Case #184 - Isolation, awareness, resistance

Trisha's issue was that her teenage son refused to go to school.  
As she spoke, I could see a great deal of emotion on her face. Her eyes were teary, her forehead wrinkled, her mouth shook a little, and she also seemed very timid and scared.
Although I very much wanted to explore the issue with her, I also wanted to check in with how she was feeling, as simply diving into the story would have been disrespectful of her process, and of attending to the relationship between us.
She wanted to tell me more, but I interrupted her.  
I asked her again how she was feeling. But she seemed unable to answer.
Again, she started telling me a story, this time about previous therapy work she had done, related to a miscarriage.
I asked her how she was feeling. She replied by launching into another story about the suicide of a relative.
I interrupted her.
Whilst these stories would all be important and have relevance, to simply proceed without attending to her in the present would have been neglectful.
Yet, focusing her attention on the present was not something she was willing to do.
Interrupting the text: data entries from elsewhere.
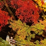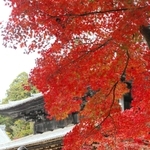 書写山円教寺大講堂前で真っ赤に色付いたモミジ=姫路市書写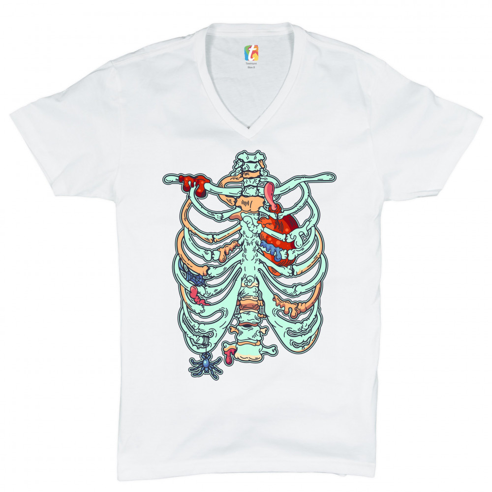 ZOMBIE RIB CAGE v-neck t-shirt all hallows' eve spooky halloween skeleton tee white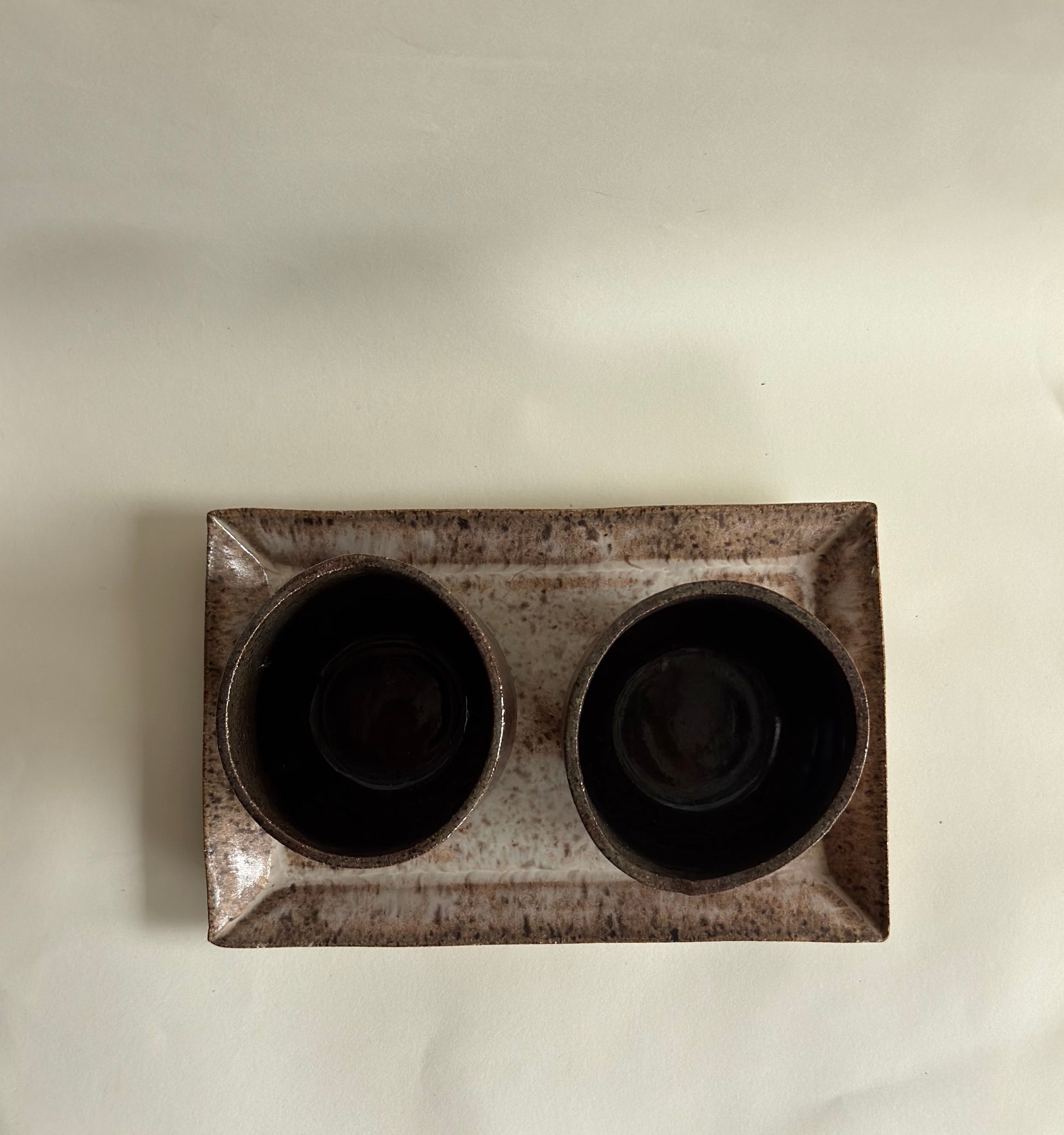 Acabamento do pires com esmalte reativo. O esmalte reativo cria efeitos únicos em cada peça, tornando-as exclusivas. Nenhuma sai igual à outra, sempre com nuances e variações especiais.

I remarked that I would not keep pushing by asking for her feelings as clearly she did not want to talk about them, even though they were strongly present.
I also said I was not wiling to go into the stories, I wanted to stay in the present with her.
So I shifted gears and talked about myself. I told her that when I was upset, I liked someone close by. I wanted to know from her what the right distance between us was. She said 'this is ok'
In this circumstance 'OK' is not a feeling, its an evauation. And she was so quick to declare it, I was not sure that this was really true.
So I proposed an experiment. I moved closer, and farther away, to find the right distance for her. She kept saying 'this is ok', wherever I went. I asked her to tell me if it was better or worse. Again, she seemed reluctant to do so, to take a stance, to ask for what she wanted.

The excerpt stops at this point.